- ACTION ITEM
Output begins at the line with "餅皮非常彈不會乾巴巴的,搭配" and ends at the last line of the records below. Copy each line in that span exactly, and leave out pictures.
[PROVIDED ENTRIES Boundary: Start]
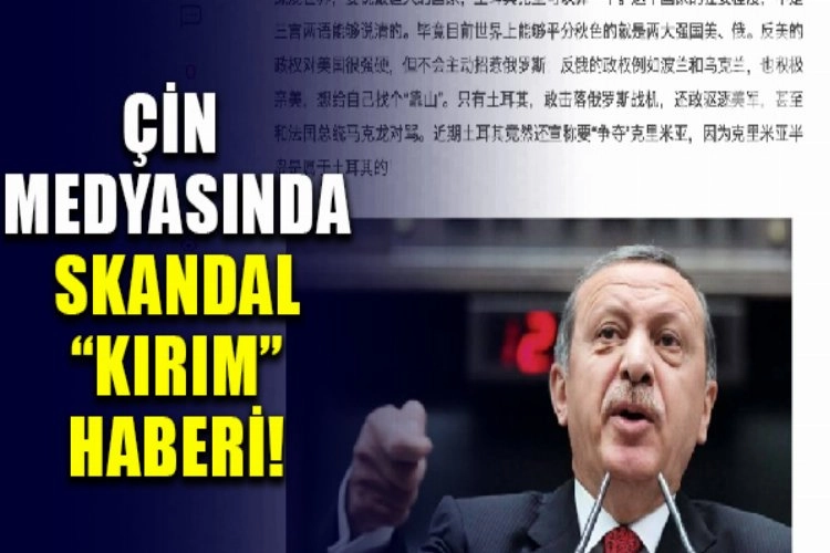 ÇİN MEDYASI: TÜRKİYE, KIRIM'I ÜLKEYE DAHİL ETMEK İSTİYOR (!)Ancak, Çin medyasında servis edilen söz konusu haberin, dezenformasyon ve provokasyonlarla dolu olduğu görüldü. Türkiye'ye yönelik gerçeği yansıtmayan, düşmanca ve saldırganca ifadeler sık sık Çin medyasında yer alıyor. Bahsi geçen köşe yazısında, Türkiye’nin cüretkâr ve küstah bir ülke olduğu ifade ediliyor. Öte yandan, dünyada pek çok ülkenin ABD ve Rusya arasında tercih yaptığı ancak Türkiye'nin her ikisini de kabul etmediği belirtiliyor. Türkiye'nin Rus savaş uçağını düşürdüğü, ABD ordusunu ülkeden "sınır dışı" ettiği ifadeleri yer alan haberde, Cumhurbaşkanı Erdoğan'ın Kırım Yarımadası'nın Türkiye'ye ait olduğunu "söylediği" ve Kırım için rekabet ettiği kaydedildi. İşte o haber:
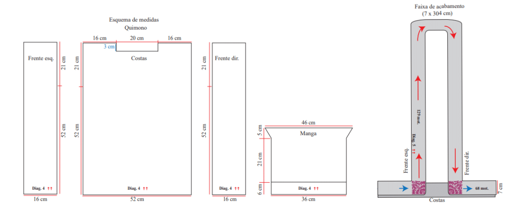 OBS.: Em cada canto da parte inferior da frente dir. e frente esq. trab. o canto. Na frente esq. decote costas e frente dir. trab. (129 mot. por carr.). Na barra do quimono trab. (68 mot. por carr.).
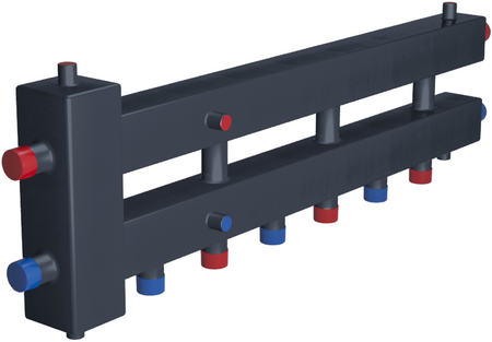 Обеспечение упрощения монтажа (расстояние между подающим и обратным отводами каждого потребителя, а также диаметры ориентированы на установку групп быстрого монтажа).
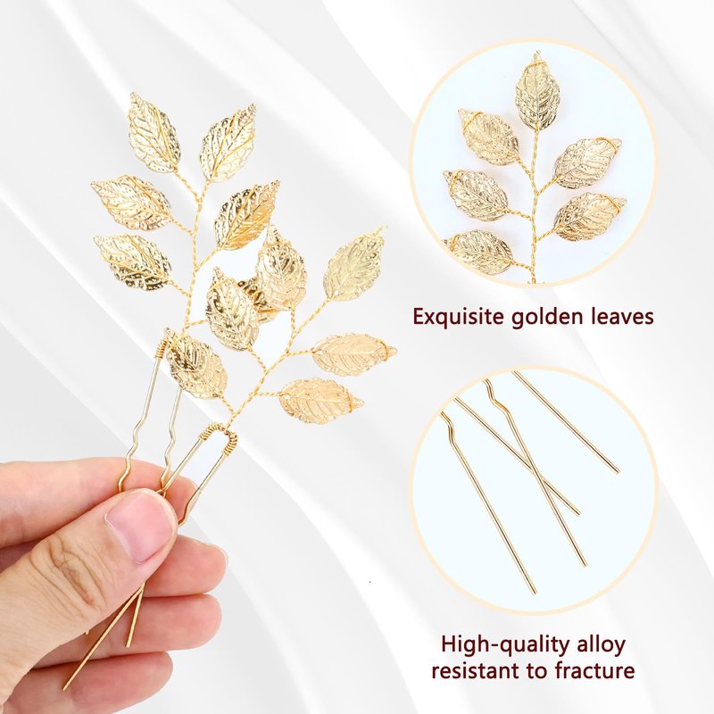 - High-Quality Alloy Construction: These elegant gold leaf hair pins are meticulously crafted using high-quality alloy, ensuring durability and longevity. The premium material guarantees that these hair accessories will withstand the demands of bridal events, weddings, and parties.
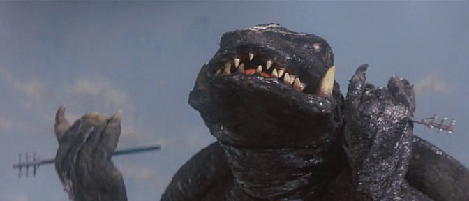 Powers/Abilities: Gamera can shoot fireballs from his mouth and even propel himself through the air by shooting flames out of his shell-holes. He can also be nimble enough to win a kaiju-sized Olympic medal.
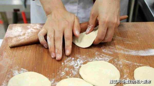 4.从中间挖个孔,搓成粗条,切成大小均,等份的面剂子,把每个面剂子,揉搓光滑,整成一个圆,拿擀面杖,擀成中间厚四周薄的一个片。
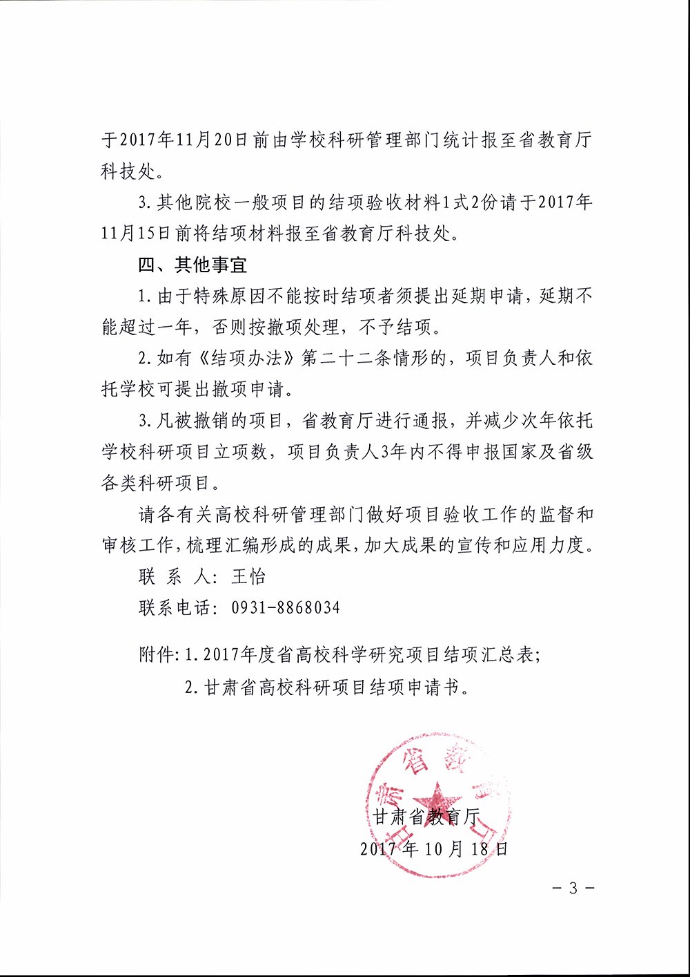轉(zhuǎn)發(fā)甘肅省教育廳關(guān)于對2017年度甘肅省高等學(xué)??茖W(xué)研究項(xiàng)目進(jìn)行結(jié)項(xiàng)驗(yàn)收工作安排的通知
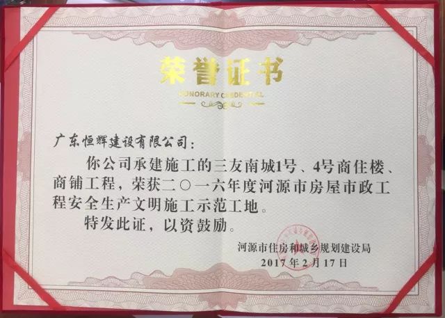 三友·南城(1#、4#)商住小区工程自施工以来,项目部本着“以工程质量求生存,以科学管理求效益”的理念,高起点高标准严要求,努力做到“开工必优,一次成优”,合理组织施工生产,做好安全质量标准化管理,做好日常管控检查,优质高效地完成了各个节点任务。项目工期、质量、安全及文明施工得到市各级主管部门、建设单位及监理的一致好评,并荣获“2016年河源市房屋市政工程安全生产文明施工示范工地”称号。
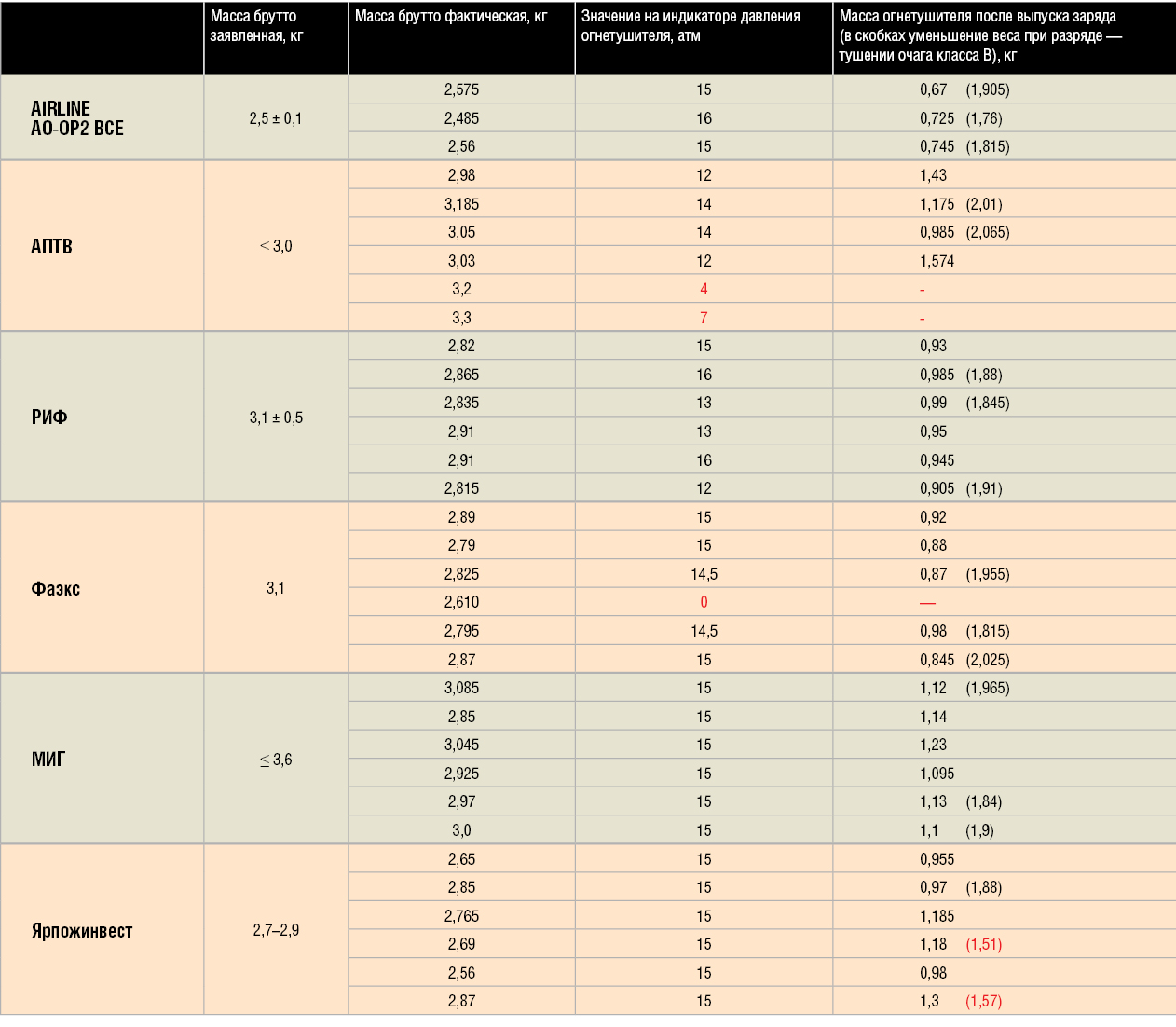 Согласно ГОСТу, масса заряда для порошковых огнетушителей может отличаться не более чем на 5%, то есть в нашем случае масса заправленного порошка должна быть 2,0 ± 0,1 кг. Наиболее стабильными по количеству заправки оказались порошковые огнетушители производителей Airline и «РИФ» — разброс массы между купленными нами огнетушителями составляет менее 100 г, «МИГ» — 235 г, «Фаэкс» — 280 г, а «Ярпожинвест» и «АПТВ» — более 300 г, что может свидетельствовать о несоответствии необходимой и фактически заправленной массы порошка.
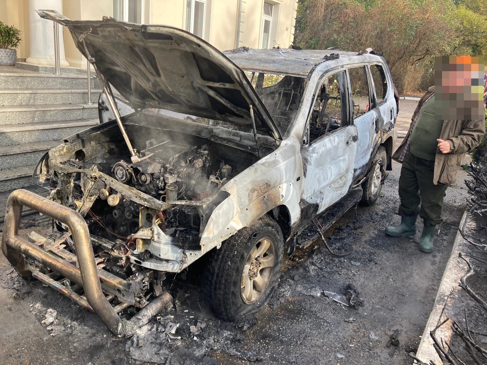 Po przybyciu zastępów straży pożarnej na miejsce zdarzenia pożarem objęte było całe auto, działania strażaków polegały na zabezpieczeniu miejsca zdarzenia oraz podaniu jednego prądu wody na palący się pojazd.
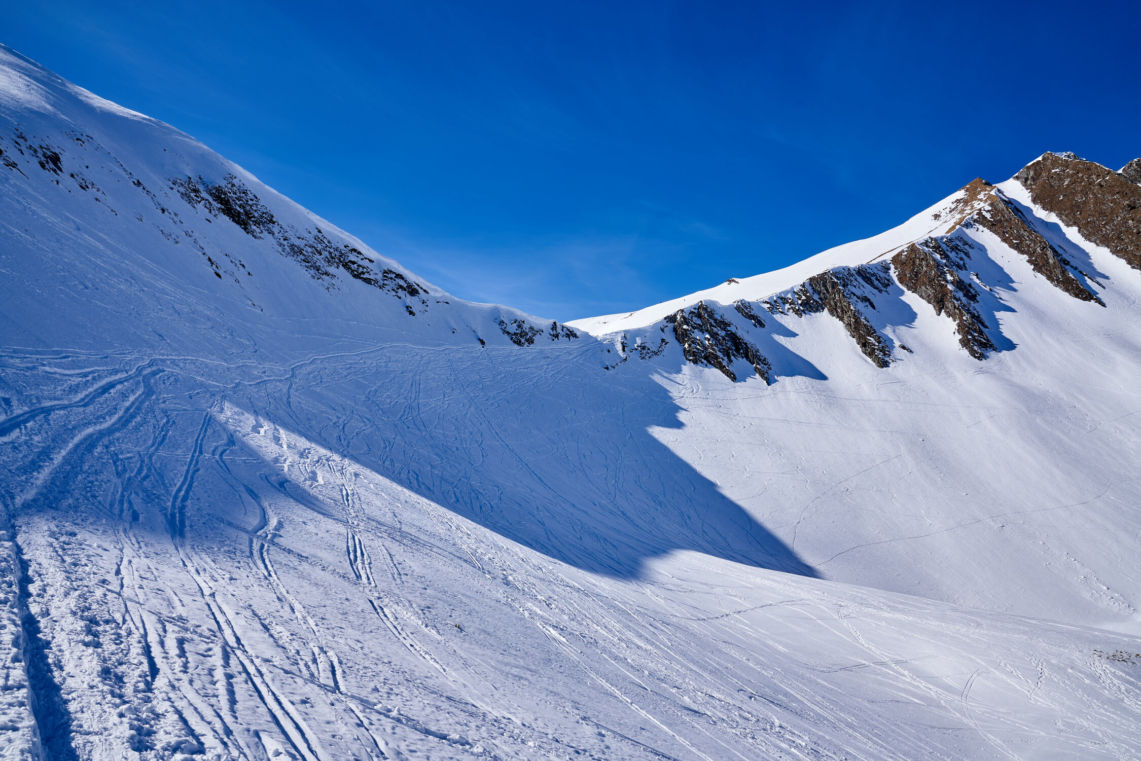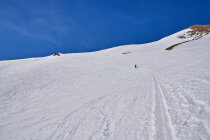 Am Morgen um 10 Uhr -5°C und ein kühler Wind am Start. Die Tour ist durchgehend mit Schii begeh- und befahrbar. Durchgehend gute Spuranlage. Vielen Dank an die Schaufler für die gute Spuranlage am Morgetenpass.Ab dem Umrunden des Südgrates wird es sehr mager mit der Schneeauflage. Etliche grasige Flecken sind zu queren. Kurz vor dem Gipfel gibts keine durchgehende Schneeauflage mehr.
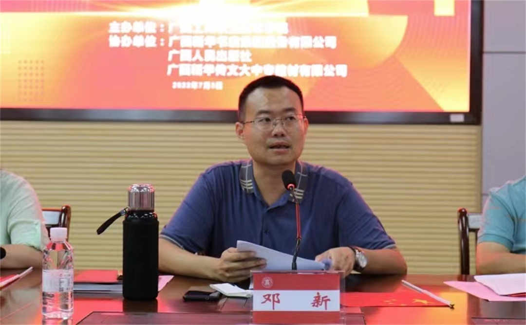 2022年7月3日,“立德樹人潤青心 經(jīng)典書香育心人”紅色閱讀分享交流會(huì)在我院2119會(huì)議室舉行,自治區(qū)黨員教育中心四級(jí)調(diào)研員鄧新、廣西人民出版社副社長蔣文娜、廣西新華傳文大中專教材公司總經(jīng)理廖愛娟到我校參加分享會(huì)。學(xué)院副院長安仲文、學(xué)院團(tuán)委相關(guān)老師及青年馬克思主義培養(yǎng)工程培訓(xùn)班全體學(xué)員共同出席本次會(huì)議。
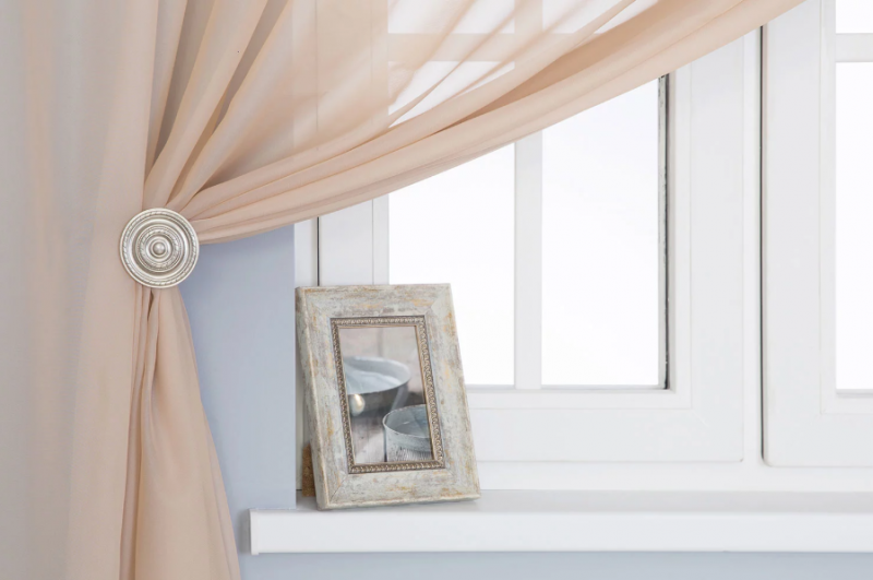 Напоминают классические шторы, но при этом они не могут быть сдвинуты по карнизу: такие модели фиксируются на одном месте. Для открывания окна их нужно отодвинуть к стене и зафиксировать на крюке или с помощью прихвата.
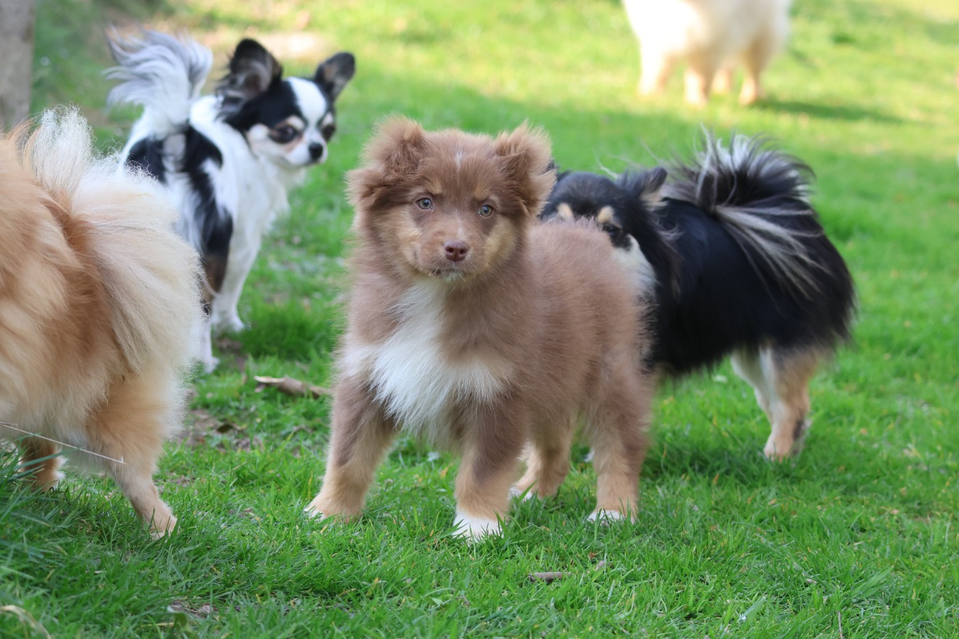 femelle rouge tricolore, queue naturelle BISCOTTE est une petite femelle toute douce, prudente avec les autres chiens, elle cherche le contact pour jouer, elle aime les enfants (ça joue) et les chats, habituée aux bruits intérieurs et extérieurs, elle est très sociable plus de photos ? son album est sur le groupe facebook de l'élevage plus d'infos : ISABELLE au 0650506364
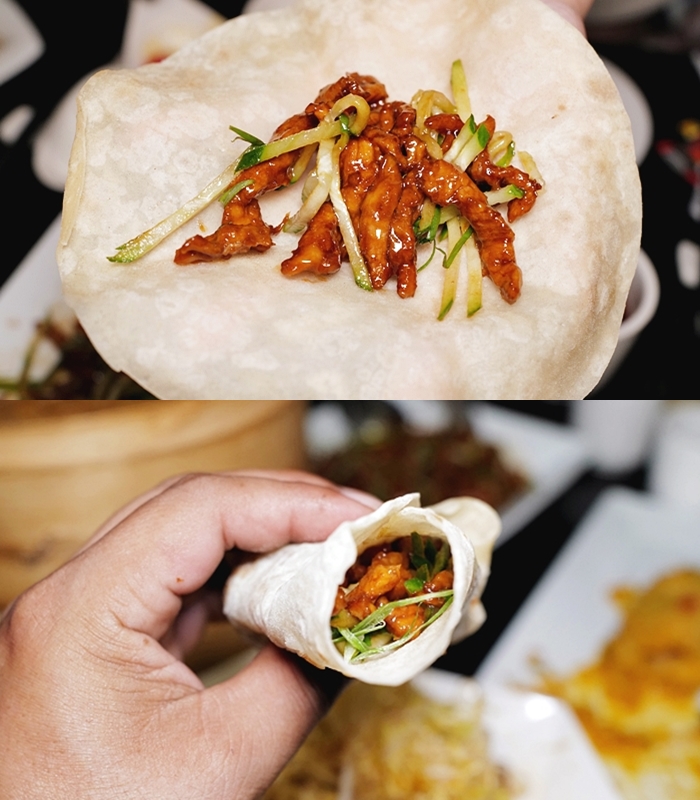 餅皮非常彈不會乾巴巴的,搭配京醬肉絲一整個把味道都提上來更有層次感,非常好吃! |
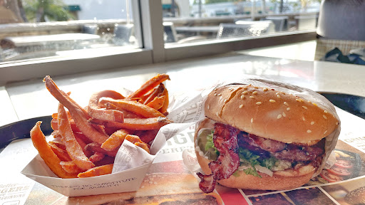 Quickie: + Super tasty burgers + Big parking lot but often very packed + Outdoor and indoor seating --- Food: These burgers arent too shabby and their sandwiches are tasty, as well. The grilled chicken sammy and tuna on sourdough are delicioso. I enjoy the occasional chocolate shake too... The portions arent out-of-this-world so if youre looking to have a food coma afterwards, go to Islands on PCH. Busy Times: Be warned if youre on your lunch break: the parking for this place is lame with a capital L. The square that its located in is so jam-packed with all these other food joints that you may drive endlessly in circles looking for a spot to open up. Its all about right-time-right-place. Verdict: Tasty, tasty, tasty. I love these burgers.
[PROVIDED ENTRIES Boundary: End]
- TASK OUTPUT
 餅皮非常彈不會乾巴巴的,搭配京醬肉絲一整個把味道都提上來更有層次感,非常好吃! |
 Quickie: + Super tasty burgers + Big parking lot but often very packed + Outdoor and indoor seating --- Food: These burgers arent too shabby and their sandwiches are tasty, as well. The grilled chicken sammy and tuna on sourdough are delicioso. I enjoy the occasional chocolate shake too... The portions arent out-of-this-world so if youre looking to have a food coma afterwards, go to Islands on PCH. Busy Times: Be warned if youre on your lunch break: the parking for this place is lame with a capital L. The square that its located in is so jam-packed with all these other food joints that you may drive endlessly in circles looking for a spot to open up. Its all about right-time-right-place. Verdict: Tasty, tasty, tasty. I love these burgers.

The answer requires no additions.